This Hot Retailer Outpaces Nvidia’s Return

As Nvidia stock and Meta Platforms (META) continue to set more record highs, hot retailer Abercrombie & Fitch (ANF) is flexing its own muscles by outpacing the returns from these Magnificent Seven stocks. Nvidia (NVDA), Meta and Abercrombie all earn a perfect 99 Composite Rating, the highest-possible score.


Early Wednesday, Abercrombie topped earnings and sales estimates. The company said it earned $2.97 per share on revenue of $1.45 billion. Earnings surged 267% vs. the year-ago period, while sales climbed 21%.

The teen-friendly apparel retailer also issued a forecast for fiscal 2024 revenue growth of 4% to 6%; it earned $4.3 billion in 2023. That growth rate is a slowdown from the prior year, hinting that the retailer’s momentum might finally be stalling after a huge price run.

That outlook weighed on the company’s shares Wednesday. Abercrombie shares lost 3.5%, just off Tuesday’s 52-week high price.

Since a June 2 breakout past a cup base’s 31.69 buy point, the stock has gone on a picture-perfect run. Shares tested their 10-week moving average several times on the way up, but never even dipped below that moving average.
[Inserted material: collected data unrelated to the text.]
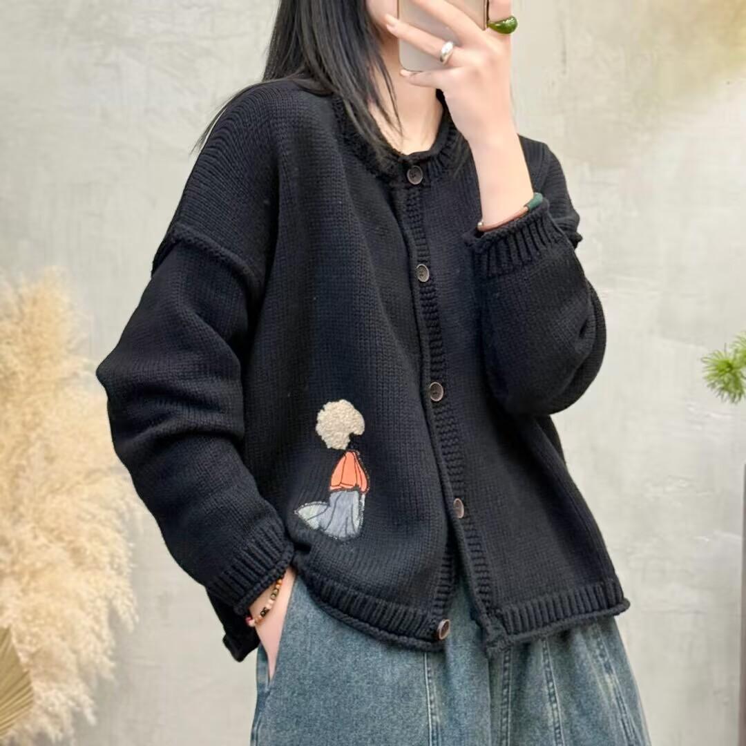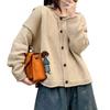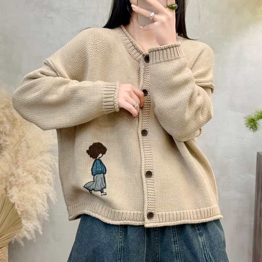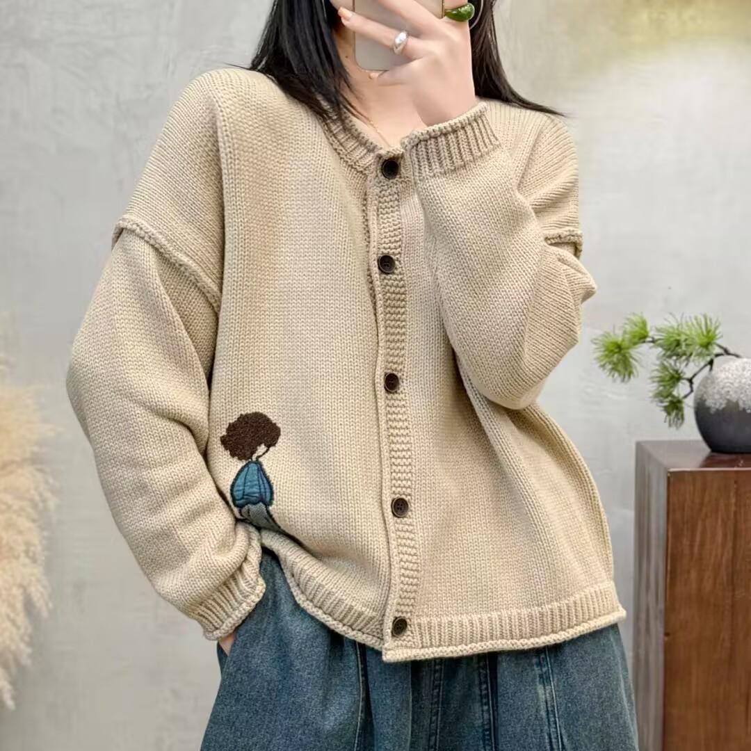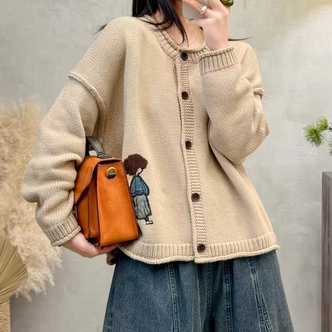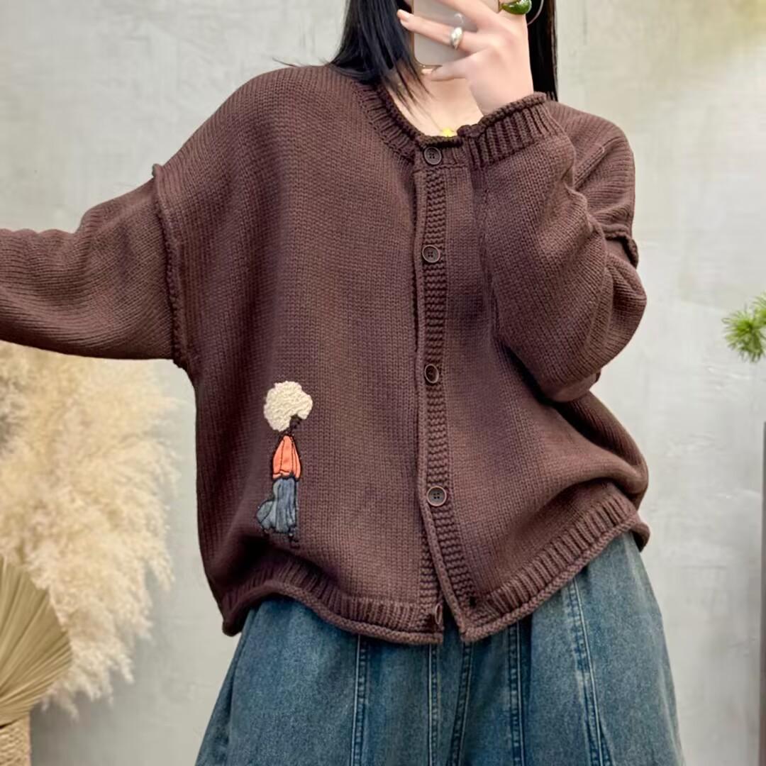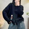 Cárdigan de Algodón Suéter Tejido para Mujer Moda Primavera 2025 Simple Estilo Coreano Holgado Perezoso Estampado Rizo Casual Top
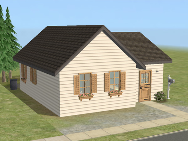 Tiny one-story starter, furnished for 2–3 sims, with room for a garden.
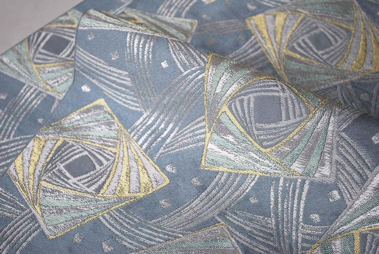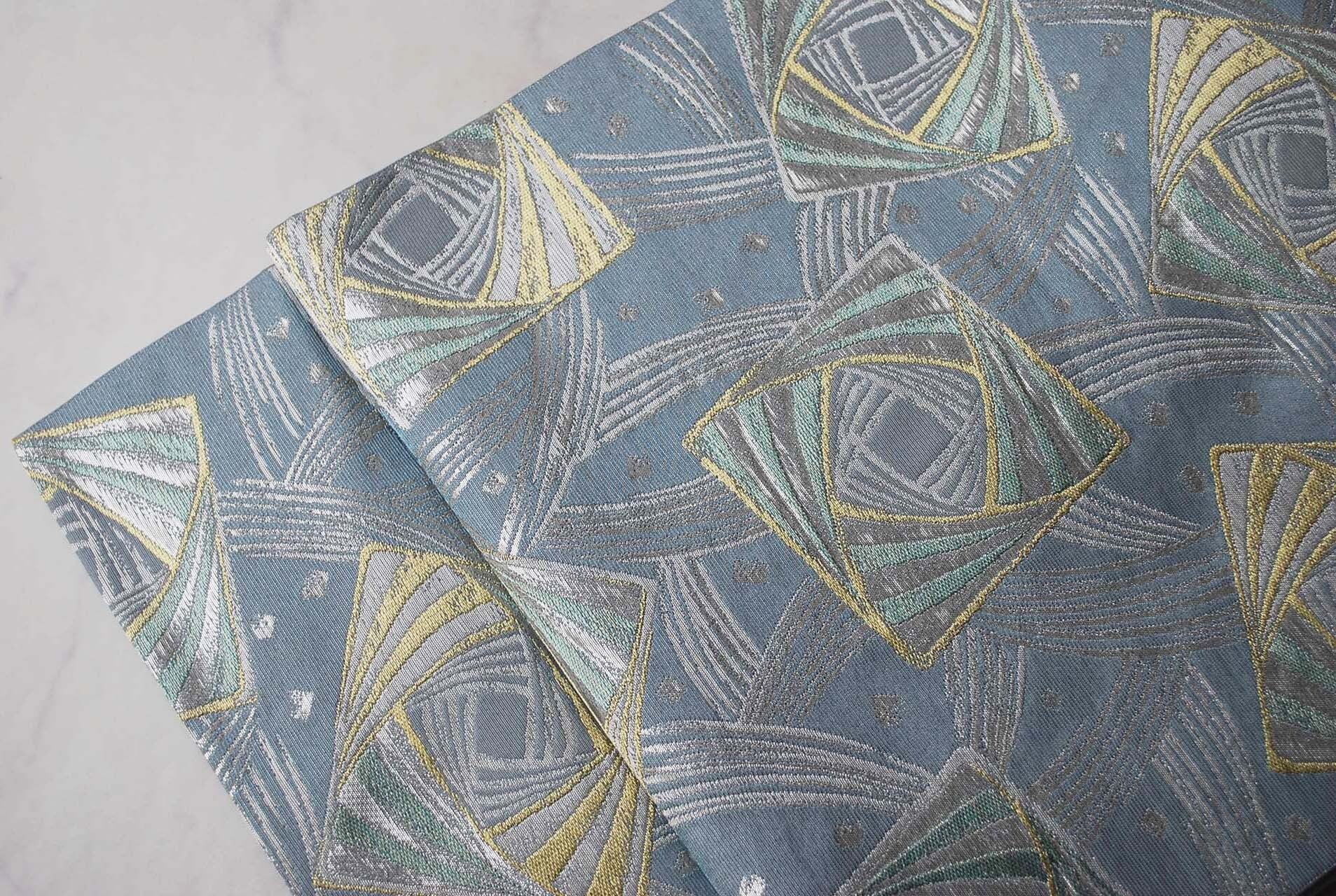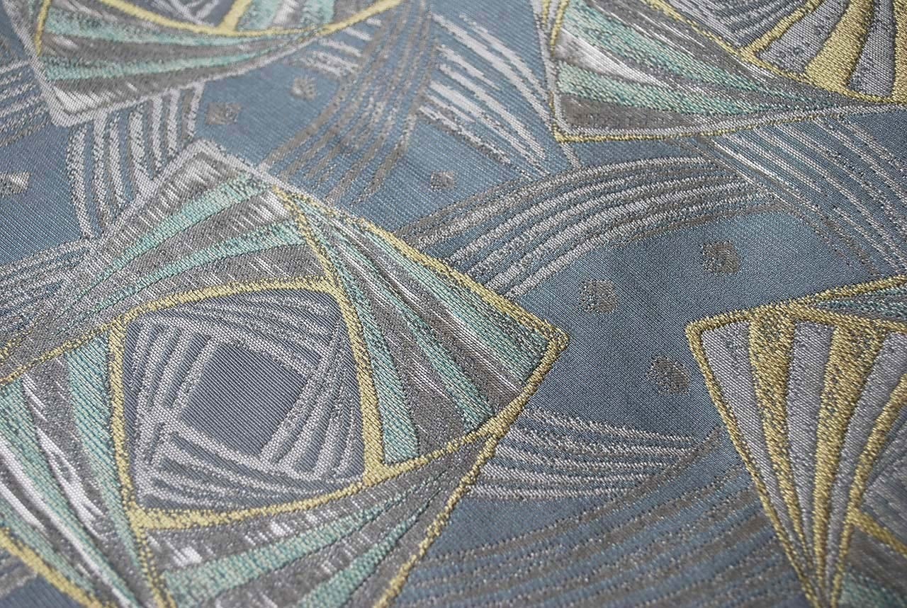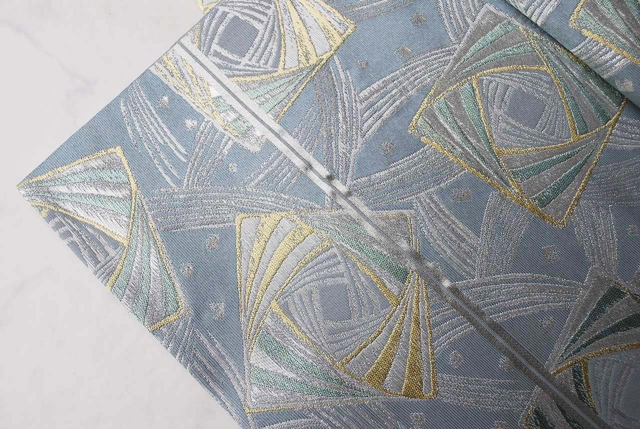 繊細な地銀通しが施された灰青の地は
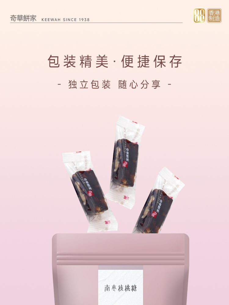 【奇华南枣核桃糖】 南枣核桃糕软糖结婚喜糖果进口休闲小吃传统零食
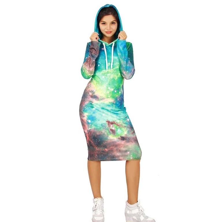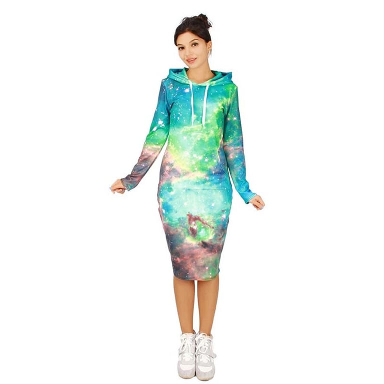Ein Kleid mit einem tollen Galaxy-Muster, mit dem Sie jeden in Ihrer Umgebung beeindrucken werden. Wählen Sie aus vielen Varianten!
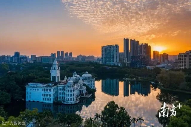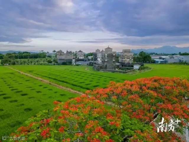 山雾缭绕,霞光照眼,雨后如洗的岭南大地到处一片碧空祥云,美不胜收。凤凰花开,柚树成长,菱角收获,渔工俱足,美景之下也蕴含着蓬勃的生机和欣欣向荣的力量。
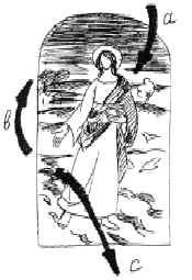 стрелка © показывает движущуюся вновь на зрителя плоскость, которая при
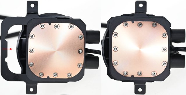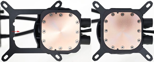 ▼水冷頭處理器接觸面使用星型沉頭螺絲固定
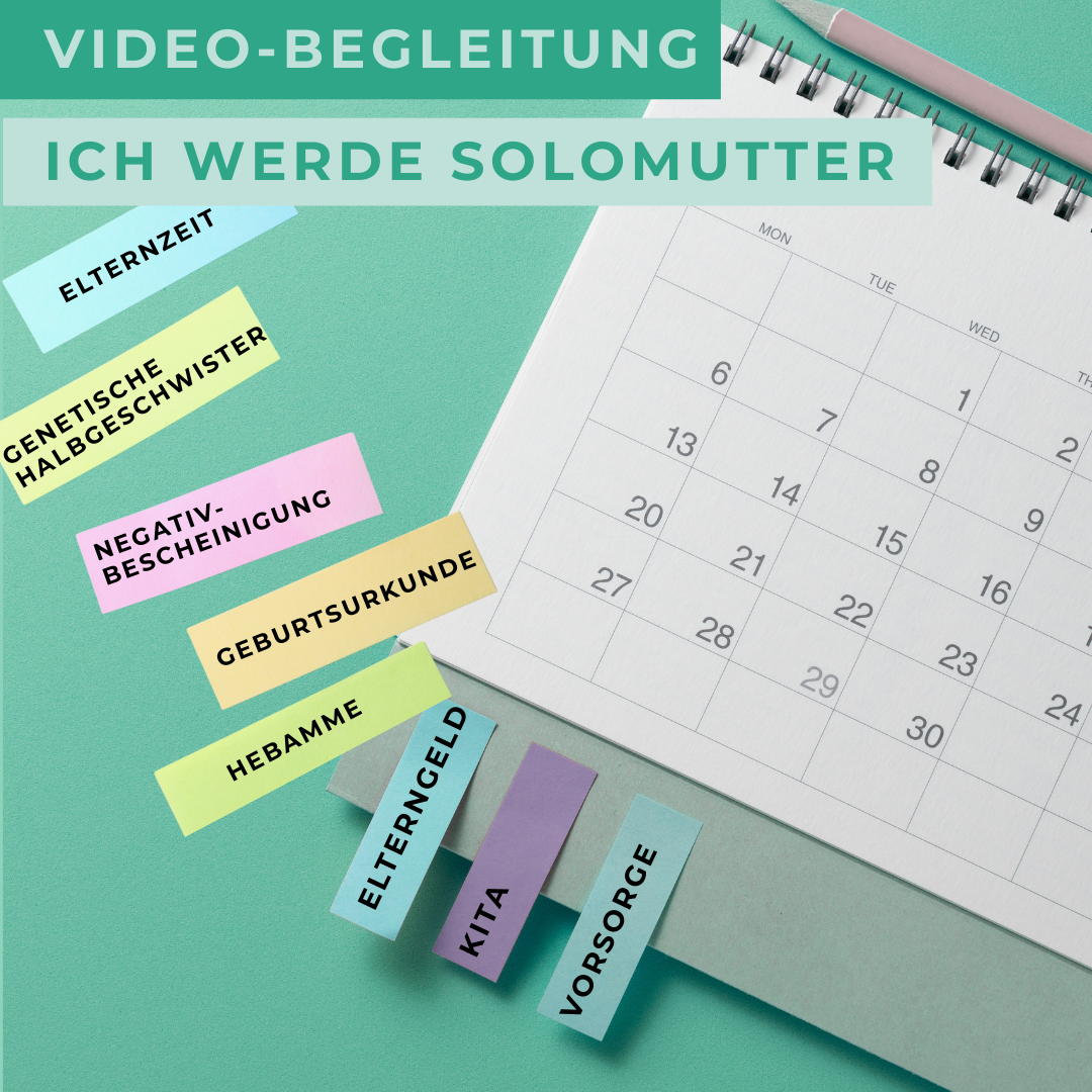 - Über 6 Stunden Input mit Informationen und Erfahrungsberichten zur Solomutterschaft, rechtlichen Aspekten, Tipps aus der Community- ein 54 Seiten langes Begleitheft für die eigene Recherche mit Infoboxen, Verlinkungen, Lesetipps und Checklisten, die du zur Selbstreflexion nutzen kannst

That means that investors who bought in the buy zone were able to sit tight without any serious tests of their conviction, similar to Nvidia stock since early January.

Looking For The Exit

Looking ahead, investors should aware of potential exits. And there are two potential offensive sell signals worth monitoring.

First, Abercrombie shares are close to breaking above an upper channel line that stretches back to June. That line connects multiple points on the weekly chart. Further strength would likely push the stock above that channel line.

Meanwhile, shares are more than 100% above their long-term 200-day moving average. Per IBD research, once a stock gets 70% to 100% above its 200-day moving average, watch out — the rally may have gotten ahead of itself. Very few issues can sustain that kind of momentum indefinitely.

According to an internal IBD study done in the mid-1990s, leaders topped once they got 111% on average above their 200-day lines. On Tuesday, Abercrombie closed more than 114% above that long-term level.

Abercrombie Outpaces Nvidia Stock

Over the past year, Abercrombie shares are up nearly 391%, more than Nvidia stock’s 265% return and Meta’s 165% advance. Meanwhile, Super Micro Computer (SMCI) is up more than 1,000% over that same time period.

Nvidia stock rallied 3.2% Wednesday, hitting more record highs. Shares are more than 70% above a flat base’s 505.48 entry. Nvidia stock is an IBD Leaderboard stock.

Meta shares climbed 1.2% Wednesday, trading just off Monday’s record high at 504.42.

Super Micro stock advanced 3.1% after Argus Research started the stock with a buy rating and a 1,350 price target, a 24% premium to Tuesday’s closing price. Shares hit more record highs.